Сто лет назад уже обозначились многие черты смутного времени, но почти никто не хотел этого замечать, и каждый с ненужным энтузиазмом тянул на себя одеяло, каждый претендовал на роль спасителя, а Россию нужно было в первую очередь спасать от ее многочисленных спасителей.
И там, в большом кабинете на Литейном, шла действительно большая и постоянная «мозговая работа»…
«Упорство догматического верования всегда было и, кажется, будет уделом бедного, ограниченного человечества, и люди широкой, глубокой мысли, широкого кругозора всегда будут в нем исключением. Одни верования уступают место другим — меняются догматы, меняются предметы фанатизма. В наше время умами владеет, в так называемой интеллигенции, вера в общие начала, в логическое построение жизни и общества по общим началам…

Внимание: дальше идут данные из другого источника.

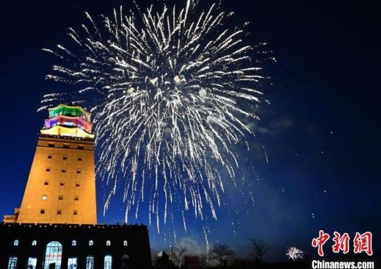 龍虎閣煙花綻放。張瑤 攝
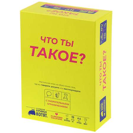 "Что ты такое?" могла стать очередной игрой на объяснение слов разными способами, при взгляде на которую в голове появлялся бы вопрос, украшающий коробку. Но она не стала! А всё благодаря своей изюминке – забавным ограничениям, превращающим игровой процесс в театр абсурда и нескончаемой уморы.

Вера в общие начала есть великое заблуждение нашего века. Заблуждение состоит именно в том, что мы веруем в них догматически, безусловно, забывая о жизни со всеми ее условиями и требованиями, не различая ни времени, ни места, ни индивидуальных особенностей, ни особенностей истории…

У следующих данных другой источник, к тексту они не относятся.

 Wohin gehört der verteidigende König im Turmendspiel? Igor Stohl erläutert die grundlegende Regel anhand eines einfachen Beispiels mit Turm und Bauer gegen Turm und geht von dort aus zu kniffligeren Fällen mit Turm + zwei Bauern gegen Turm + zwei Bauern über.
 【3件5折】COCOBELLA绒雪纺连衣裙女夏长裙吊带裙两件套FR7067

Жизнь — не наука и не философия; она живет сама по себе, живым организмом. Ни наука, ни философия не господствуют над жизнью, как нечто внешнее: они черпают свое содержание из жизни, собирая, разлагая и обобщая явления жизни; но странно было бы думать, что они могут обнять и исчерпать жизнь со всем ее бесконечным разнообразием, дать ей содержание, создать для нее новую конструкцию. В применении к жизни всякое положение науки и философии имеет значение вероятного предположения, гипотезы, которую необходимо всякий раз поверить здравым смыслом и искусным разумом, по тем явлениям и фактам, к которым требуется приложить ее: иное применение общего начала было бы насилием и ложью в жизни. Одно то уже должно смутить нас, что в науке и философии очень мало бесспорных положений: почти все составляют предмет пререканий между школами и партиями, почти все колеблются новыми опытами, новыми учениями…»
Это из статьи Победоносцева «Болезни нашего времени», а создается впечатление, что это писано сегодня о болезнях нашего времени.

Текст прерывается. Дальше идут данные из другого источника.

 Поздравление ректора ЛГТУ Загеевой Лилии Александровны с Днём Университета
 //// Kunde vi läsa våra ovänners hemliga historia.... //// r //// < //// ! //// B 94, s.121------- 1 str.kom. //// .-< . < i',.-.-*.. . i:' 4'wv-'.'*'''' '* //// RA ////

Нет, не Россию хотел подморозить Победоносцев, а те язвы на ее организме, которые обещали разрастись в страшную болезнь. Он никогда не был врагом истинной науки и подлинных научных поисков, но он был против фетишизации тех или других новоиспеченных теорий, под которые хотели подогнать вечно развивающуюся жизнь. В ту пору марксизм как раз становился модой, теперь стало модой обвинять его во всех смертных грехах. Но виноват-то вовсе не марксизм (и он дал что-то для познания общественной жизни и общественных отношений), виноваты были те полуобразованные люди, которые хотели вбить на практике и вбивали все жизненное многообразие в прокрустово ложе марксистской теории. Ленин — Каутский, Сталин — Троцкий, Мао Цзэдун — Тито… И у каждого из них свой марксизм. А какой же из этих марксизмов истинный? Разумеется, никакой, потому что любой предполагал тотальное насилие над жизнью, над чувствами и мыслями человека.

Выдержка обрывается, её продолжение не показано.